┌─ Dataset entries

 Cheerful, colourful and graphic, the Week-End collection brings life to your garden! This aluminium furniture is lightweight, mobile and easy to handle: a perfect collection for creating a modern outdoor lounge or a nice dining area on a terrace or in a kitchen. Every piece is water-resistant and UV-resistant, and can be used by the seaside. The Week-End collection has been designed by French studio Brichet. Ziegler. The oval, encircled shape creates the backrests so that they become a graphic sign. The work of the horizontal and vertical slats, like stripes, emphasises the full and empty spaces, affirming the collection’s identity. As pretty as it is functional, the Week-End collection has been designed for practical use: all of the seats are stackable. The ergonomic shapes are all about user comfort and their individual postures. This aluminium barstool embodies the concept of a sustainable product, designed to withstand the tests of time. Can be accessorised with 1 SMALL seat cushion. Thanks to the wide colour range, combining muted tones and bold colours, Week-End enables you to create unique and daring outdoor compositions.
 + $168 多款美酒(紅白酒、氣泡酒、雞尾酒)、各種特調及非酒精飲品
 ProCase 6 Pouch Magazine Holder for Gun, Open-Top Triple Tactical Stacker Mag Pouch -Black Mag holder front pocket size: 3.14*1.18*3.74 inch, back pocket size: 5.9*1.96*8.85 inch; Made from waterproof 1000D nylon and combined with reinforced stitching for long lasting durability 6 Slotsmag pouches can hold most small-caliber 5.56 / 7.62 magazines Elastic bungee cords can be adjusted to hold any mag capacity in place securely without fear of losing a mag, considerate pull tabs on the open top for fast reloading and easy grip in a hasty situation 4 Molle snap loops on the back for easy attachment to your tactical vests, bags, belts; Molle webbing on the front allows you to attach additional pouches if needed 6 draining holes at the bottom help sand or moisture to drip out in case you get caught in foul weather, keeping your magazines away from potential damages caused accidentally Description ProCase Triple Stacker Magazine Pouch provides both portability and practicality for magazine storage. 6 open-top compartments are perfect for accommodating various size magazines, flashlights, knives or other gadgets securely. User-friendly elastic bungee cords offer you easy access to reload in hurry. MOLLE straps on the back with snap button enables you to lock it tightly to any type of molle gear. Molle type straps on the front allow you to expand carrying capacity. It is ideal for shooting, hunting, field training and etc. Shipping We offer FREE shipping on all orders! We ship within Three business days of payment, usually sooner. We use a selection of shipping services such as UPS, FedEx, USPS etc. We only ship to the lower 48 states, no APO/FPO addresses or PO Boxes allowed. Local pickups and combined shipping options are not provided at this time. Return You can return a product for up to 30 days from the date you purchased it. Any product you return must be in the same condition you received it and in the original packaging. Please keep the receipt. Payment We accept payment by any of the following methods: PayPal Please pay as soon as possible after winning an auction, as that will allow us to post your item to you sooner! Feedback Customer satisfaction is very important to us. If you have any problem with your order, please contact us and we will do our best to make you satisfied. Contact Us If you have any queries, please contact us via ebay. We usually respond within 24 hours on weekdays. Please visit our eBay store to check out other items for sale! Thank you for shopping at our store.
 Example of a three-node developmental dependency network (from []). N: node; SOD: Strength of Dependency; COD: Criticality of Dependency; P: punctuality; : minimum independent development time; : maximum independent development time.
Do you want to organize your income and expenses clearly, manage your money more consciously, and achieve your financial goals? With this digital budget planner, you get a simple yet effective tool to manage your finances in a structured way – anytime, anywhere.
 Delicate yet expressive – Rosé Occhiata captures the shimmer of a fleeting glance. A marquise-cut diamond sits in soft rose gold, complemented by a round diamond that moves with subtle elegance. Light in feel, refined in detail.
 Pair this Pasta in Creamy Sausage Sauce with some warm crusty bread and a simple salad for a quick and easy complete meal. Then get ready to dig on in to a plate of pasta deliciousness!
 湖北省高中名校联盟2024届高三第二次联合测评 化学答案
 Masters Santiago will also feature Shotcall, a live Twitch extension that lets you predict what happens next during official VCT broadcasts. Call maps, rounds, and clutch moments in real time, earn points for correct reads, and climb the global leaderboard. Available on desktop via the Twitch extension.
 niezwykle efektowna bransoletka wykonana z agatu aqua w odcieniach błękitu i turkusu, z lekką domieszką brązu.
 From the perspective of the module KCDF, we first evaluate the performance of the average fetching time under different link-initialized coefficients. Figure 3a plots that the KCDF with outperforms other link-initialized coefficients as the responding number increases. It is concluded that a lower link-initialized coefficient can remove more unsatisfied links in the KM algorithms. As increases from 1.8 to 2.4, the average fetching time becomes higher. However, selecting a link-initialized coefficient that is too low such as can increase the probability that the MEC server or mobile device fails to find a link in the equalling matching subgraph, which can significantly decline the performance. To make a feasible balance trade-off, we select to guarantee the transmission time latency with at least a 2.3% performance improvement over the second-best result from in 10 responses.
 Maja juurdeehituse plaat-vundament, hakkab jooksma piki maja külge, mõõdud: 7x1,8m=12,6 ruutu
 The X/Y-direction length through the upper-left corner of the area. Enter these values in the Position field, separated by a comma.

└─

Exercise brief – Please set down the full listing above, word for word.

Your response –
 Cheerful, colourful and graphic, the Week-End collection brings life to your garden! This aluminium furniture is lightweight, mobile and easy to handle: a perfect collection for creating a modern outdoor lounge or a nice dining area on a terrace or in a kitchen. Every piece is water-resistant and UV-resistant, and can be used by the seaside. The Week-End collection has been designed by French studio Brichet. Ziegler. The oval, encircled shape creates the backrests so that they become a graphic sign. The work of the horizontal and vertical slats, like stripes, emphasises the full and empty spaces, affirming the collection’s identity. As pretty as it is functional, the Week-End collection has been designed for practical use: all of the seats are stackable. The ergonomic shapes are all about user comfort and their individual postures. This aluminium barstool embodies the concept of a sustainable product, designed to withstand the tests of time. Can be accessorised with 1 SMALL seat cushion. Thanks to the wide colour range, combining muted tones and bold colours, Week-End enables you to create unique and daring outdoor compositions.
 + $168 多款美酒(紅白酒、氣泡酒、雞尾酒)、各種特調及非酒精飲品
 ProCase 6 Pouch Magazine Holder for Gun, Open-Top Triple Tactical Stacker Mag Pouch -Black Mag holder front pocket size: 3.14*1.18*3.74 inch, back pocket size: 5.9*1.96*8.85 inch; Made from waterproof 1000D nylon and combined with reinforced stitching for long lasting durability 6 Slotsmag pouches can hold most small-caliber 5.56 / 7.62 magazines Elastic bungee cords can be adjusted to hold any mag capacity in place securely without fear of losing a mag, considerate pull tabs on the open top for fast reloading and easy grip in a hasty situation 4 Molle snap loops on the back for easy attachment to your tactical vests, bags, belts; Molle webbing on the front allows you to attach additional pouches if needed 6 draining holes at the bottom help sand or moisture to drip out in case you get caught in foul weather, keeping your magazines away from potential damages caused accidentally Description ProCase Triple Stacker Magazine Pouch provides both portability and practicality for magazine storage. 6 open-top compartments are perfect for accommodating various size magazines, flashlights, knives or other gadgets securely. User-friendly elastic bungee cords offer you easy access to reload in hurry. MOLLE straps on the back with snap button enables you to lock it tightly to any type of molle gear. Molle type straps on the front allow you to expand carrying capacity. It is ideal for shooting, hunting, field training and etc. Shipping We offer FREE shipping on all orders! We ship within Three business days of payment, usually sooner. We use a selection of shipping services such as UPS, FedEx, USPS etc. We only ship to the lower 48 states, no APO/FPO addresses or PO Boxes allowed. Local pickups and combined shipping options are not provided at this time. Return You can return a product for up to 30 days from the date you purchased it. Any product you return must be in the same condition you received it and in the original packaging. Please keep the receipt. Payment We accept payment by any of the following methods: PayPal Please pay as soon as possible after winning an auction, as that will allow us to post your item to you sooner! Feedback Customer satisfaction is very important to us. If you have any problem with your order, please contact us and we will do our best to make you satisfied. Contact Us If you have any queries, please contact us via ebay. We usually respond within 24 hours on weekdays. Please visit our eBay store to check out other items for sale! Thank you for shopping at our store.
 Example of a three-node developmental dependency network (from []). N: node; SOD: Strength of Dependency; COD: Criticality of Dependency; P: punctuality; : minimum independent development time; : maximum independent development time.
Do you want to organize your income and expenses clearly, manage your money more consciously, and achieve your financial goals? With this digital budget planner, you get a simple yet effective tool to manage your finances in a structured way – anytime, anywhere.
 Delicate yet expressive – Rosé Occhiata captures the shimmer of a fleeting glance. A marquise-cut diamond sits in soft rose gold, complemented by a round diamond that moves with subtle elegance. Light in feel, refined in detail.
 Pair this Pasta in Creamy Sausage Sauce with some warm crusty bread and a simple salad for a quick and easy complete meal. Then get ready to dig on in to a plate of pasta deliciousness!
 湖北省高中名校联盟2024届高三第二次联合测评 化学答案
 Masters Santiago will also feature Shotcall, a live Twitch extension that lets you predict what happens next during official VCT broadcasts. Call maps, rounds, and clutch moments in real time, earn points for correct reads, and climb the global leaderboard. Available on desktop via the Twitch extension.
 niezwykle efektowna bransoletka wykonana z agatu aqua w odcieniach błękitu i turkusu, z lekką domieszką brązu.
 From the perspective of the module KCDF, we first evaluate the performance of the average fetching time under different link-initialized coefficients. Figure 3a plots that the KCDF with outperforms other link-initialized coefficients as the responding number increases. It is concluded that a lower link-initialized coefficient can remove more unsatisfied links in the KM algorithms. As increases from 1.8 to 2.4, the average fetching time becomes higher. However, selecting a link-initialized coefficient that is too low such as can increase the probability that the MEC server or mobile device fails to find a link in the equalling matching subgraph, which can significantly decline the performance. To make a feasible balance trade-off, we select to guarantee the transmission time latency with at least a 2.3% performance improvement over the second-best result from in 10 responses.
 Maja juurdeehituse plaat-vundament, hakkab jooksma piki maja külge, mõõdud: 7x1,8m=12,6 ruutu
 The X/Y-direction length through the upper-left corner of the area. Enter these values in the Position field, separated by a comma.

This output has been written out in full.